Having arrived in England almost 30 years ago, I have now lived here longer than in my country of birth. I can report that the process of becoming British has been a long one and is by no means complete.
The results of long-term relationships with two Englishmen, were two German-British daughters, a three-quarters-British grandchild as well as a plethora of British step-children. So what does that make me? A German Brit or a British German?
I’m not sure. While I came to England by chance I stayed by choice.
I stayed because I liked people’s tolerant and open attitudes, the way authorities treated Joe or Jane Public, the relaxed way of driving (even if on the wrong side of the road). I stayed despite the fact that I constantly seemed to say the wrong thing and didn’t catch on when someone told a joke.
And, last but not least, I stayed because I liked the weather.
So what were my impressions when I first came to England?
Growing up in a smallish German town, I found the people there were small-minded to match. “What will the neighbours think?” was the major concern of almost everyone. As a rule, each liked to be the same as all the others. Being different was dangerous and easily made you an outcast. For this reason, it was a real eye-opener to me how tolerant the English were towards people who were not quite like most people. Eccentricity seemed more an asset than a bane. Rather than picking on those who were different, they were embraced and integrated into a society of eccentrics.
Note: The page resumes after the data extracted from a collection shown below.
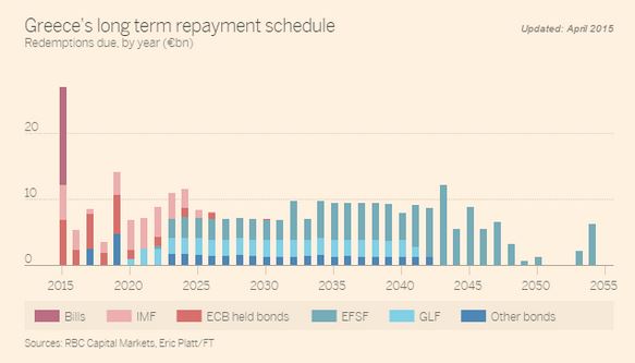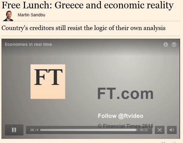 Οι πληρωμές δόσεων προς τους δανειστές βαραίνουν την Ελλάδα, ως μια οικονομία που δεν μπορεί ακόμα να σηκώσει κεφάλι, ιδιαίτερα μετά τις προβλέψεις της Κομισιόν για το ΑΕΠ και το χρέος. Αλλά αυτό βάρος εύκολα γυρνά στους δανειστές όταν η Ελλάδα πει δεν έχω χρήματα και προτιμώ να πληρώσω μισθούς και συντάξεις. Ο φόβος της στάσης πληρωμών βαραίνει την τρόικα, εκτιμά το σχόλιο στους FT.
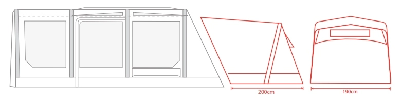 The Movelite Annexe is securely fitted to the awning using a zip with a weatherproof cover, simply zip off the rear panel of your awning and zip the annexe on. Feed the steel pole through the sleeve and attach to the ring and pin at each end, then peg down the 2 far corners ensuring all edges are tight and straight. Finish by pegging all remaining pegging points and guy ropes.
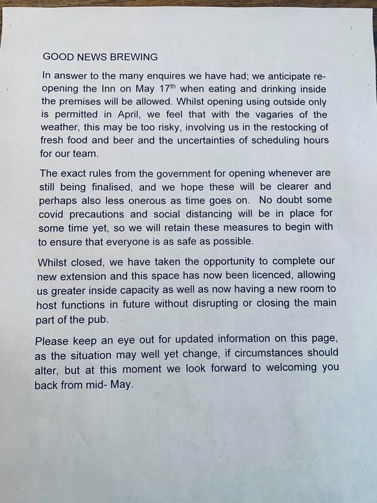 GOOD NEWS BREWING In answer to the many enquires we have had; we anticipate re- opening the Inn on May 17" when eating and drinking inside the premises will be allowed. Whilst opening using outside only is permitted in April, we feel that with the vagaries of the weather, this may be too risky, involving us in the restocking of fresh food and beer and the uncertainties of scheduling hours for our team. The exact rules from the government for opening whenever are still being finalised, and we hope these will be clearer and perhaps also less onerous as time goes on. No doubt some covid precautions and social distancing will be in place for some time yet, so we will retain these measures to begin with to ensure that everyone is as safe as possible. Whilst closed, we have taken the opportunity to complete our new extension and this space has now been licenced, allowing us greater inside capacity as well as now having a new room to host functions in future without disrupting or closing the main part of the pub. Please keep an eye out for updated information on this page. as the situation may well yet change, if circumstances should alter, but at this moment we look forward to welcoming you back from mid- May.
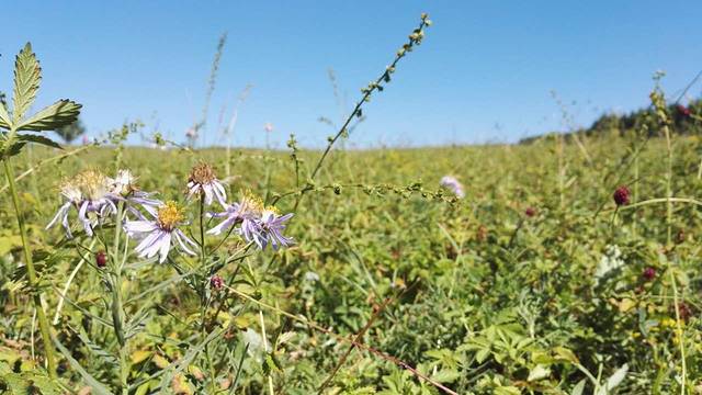 来到百花坡,花期已过,绿茵茵的草地里虽只点缀着零星花朵,却也是美的。
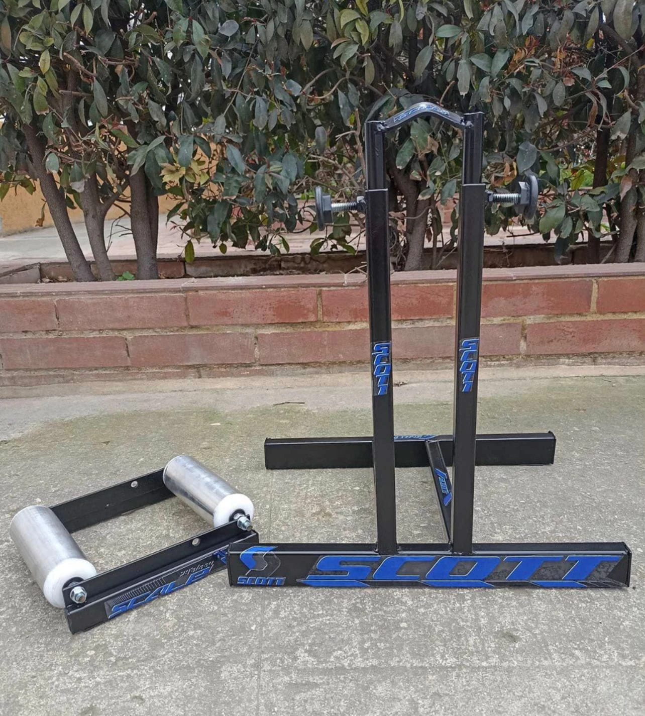 - La instalación es sencilla, se coloca la rueda trasera en los rodillos y se asegura la horquilla delantera en su base.
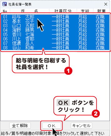 ボタンをクリックして、社員名簿一覧表画面を表示します。
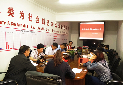 6月3日,风行防水2016年质量、环境、职业健康安全管理体系内审会议在公司小礼堂召开,公司领导、各部门经理、内审员共计15人参与了本次会议,正式启动本年度管理体系内部审核,以验证公司在管理运行中的适应性、有效性、充分性。 本次内审将持续12天,各内审员分小组依照“三标一体”的标准要求通过面谈、现场查验、翻阅记录等形式进行交叉审核,核查各部门是否管理目标明确、制度健全、流程清晰、执行到位、记录完善可供备查。
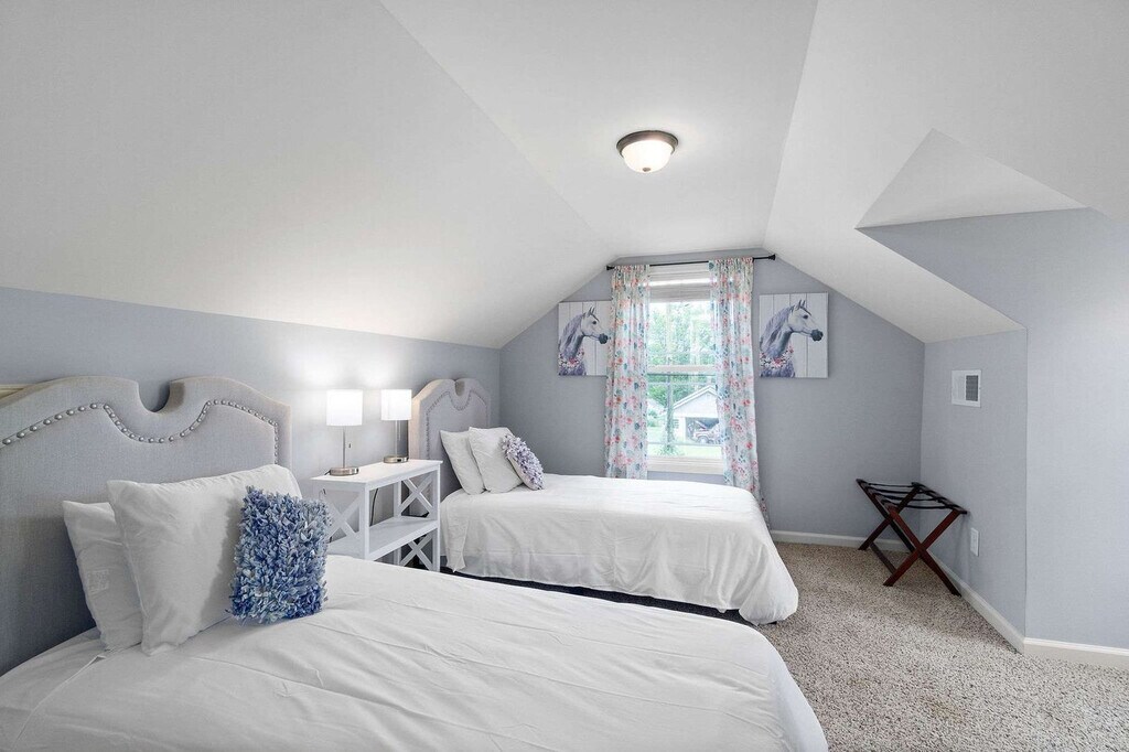 Feel at home in the Campbell Carriage House, nestled on a lovely property behind a cottage-style home, just moments from downtown Clarksville. This property, which sits over the garage, opens up to the living room and kitchen after you enter up the stairs. This carriage house features access to beautiful grass out front, two beautiful bedrooms, and one full bathroom. This is a pet-friendly home, and all pets require a non-refundable pet fee. Located on a large lot in a quiet residential neighborhood, this house is a short drive to King Tut Coffee and Providence Boulevard, under 10 minutes to Campbell, APSU, and downtown Clarksville, and just an hour to Nashville Airport and downtown Nashville. Quiet hours are between 10 PM and 7 AM. You must be at least 21 years of age to rent this property. If there are any signs of smoking cigarettes, vapes, e-cigs, pipes, etc. (smell, ash, etc.) in or around the home, an automatic $500 damage charge will be incurred. The same charge applies if cigarette butts are found outside of the home. If marijuana is smoked in or around the home a $500 fee will be charged, and details about the reservation may be turned over to the appropriate authorities. Parties are prohibited at the home. Other events are permitted at the home only with prior approval. If you violate quiet hours and disturb the neighbors, your reservation will be canceled, you will be required to leave the property immediately, and you will not be eligible for any refunds. Noise may be monitored with exterior cameras and/or noise monitoring technology. You will be responsible for any damage to the home or its furnishings during your stay. Please bag all trash and place it in the bins provided. There is a $100 charge for third-party trash removal if an excessive amount of trash is left at the property. Pets must be crated when they are left unattended in the home. Pets are not allowed on furniture or beds, and all waste must be cleaned up from the yard. If there is evidence of pet hair on the furniture, excess hair in the home, stains, or waste found in the yard or home, you will be charged the cost to clean this. [SI]

Authorities’ treatment of “the public”
Unlike German authorities, British authorities didn’t revel in asserting their authority over you. Mere citizens were not just there to be ruled over and regulated – there was actually a dialogue going on. Citizens were more on an equal level with those in authority than I’d ever experienced in my home country. It was such a relief to find that bureaucracy did not rule the UK as it did Germany.
Driving in the UK
Refreshingly, in the UK almost everyone stuck to the relatively low speed limit of 70 miles per hour on motorways. In stark contrast, on German roads, owners of fast cars did and do feel they have the divine right to go as fast as possible. If you are unlucky enough not to have a fast car or CHOOSE to drive at a more sedate speed, those “superior” drivers will hassle you, tail-gate you and flash their lights at you, they’ll come up behind you at such a speed you fear that any moment now they are going to push you off the road. It is intimidating at best, frightening and dangerous at worst. In the UK I found it was almost relaxing to drive along a motorway (as long as it was not the M25 or another urban multi-laned monstrosity).
English people often used to give me strange looks when I proclaimed I like the weather here. While a lot of Brits head off to warmer climes, coming from Germany, where I had found the winters too cold and the summers too hot, I much appreciated the more temperate British seasons. Seeing trees in bloom in February was unbelievable for someone like me who had never seen trees in blossom before April!
Regrettably, some of these positives are actually not quite so positive 29 years later.
The weather has become more erratic – though still more bearable to me than continental conditions. But I can hardly blame the Brits solely for climate change!
I think British authorities still treat their “clients” better than German ones ever did. But the gap is slowly closing. Bureaucracy is gaining a foothold.
Drivers have become a lot more impatient and rude since I moved here all those years ago. There is so much more traffic now and people overall appear pushier and less willing to give way. Horns are used more often; thankyous – except perhaps in the more rural areas – have become rarer. The average speed on motorways (when there isn’t a holdup) seems to have increased. More people now rush past those who stick to the speed limit. The saving grace is that the volume of traffic remains light compared to the volume thundering up and down German autobahns.
People still happily accept eccentrics but tolerance of foreigners has decreased. This is especially true of people who are “obviously different”, don’t make the effort to fit in or stick out like a sore thumb by their clothes or habits. Due to worldwide terrorist activity, a lot of Brits are now especially nervous of anyone who might be a Muslim.
And yet. In the UK, I have often experienced that being a foreign national was a point of interest and it often came up in conversation. But in all the time I have lived in the UK, I have only once met serious xenophobia.
The times they are indeed a-changing
Becoming British to me has always meant integration into British life by doing as the Brits did.
I donated blood. Overall, I dressed as everyone else (no expense spared – top of the range charity shop clothes!). I took up English country dancing; why, I was even a Morris dancer for 10 years! I played Scrabble like a native and actually cooked English food every once in a while. To cut a long story short, I felt that I fitted in pretty well.
As a result of the Brexit vote, however, I suddenly felt insecure in my status as a fully integrated UK resident. So I thought it expedient to apply for British citizenship. This would at least allow me to take part in future votes – and no one would be able to “make” me leave the country unless I wished to do so.
While my application has been successful, I feel that there is much more to becoming British than owning a citizenship certificate. I do not expect that holding it in my hands will make me any more British than I have become over the years. Rather the opposite: having felt perfectly at home here for a long time, being made to jump through lots of citizenship application hoops made me feel more like an alien than I had felt since my arrival.
Becoming British by jumping through bureaucratic hoops is another story.
The author of this article is Mecki Testroet, a long-standing colleague of mine.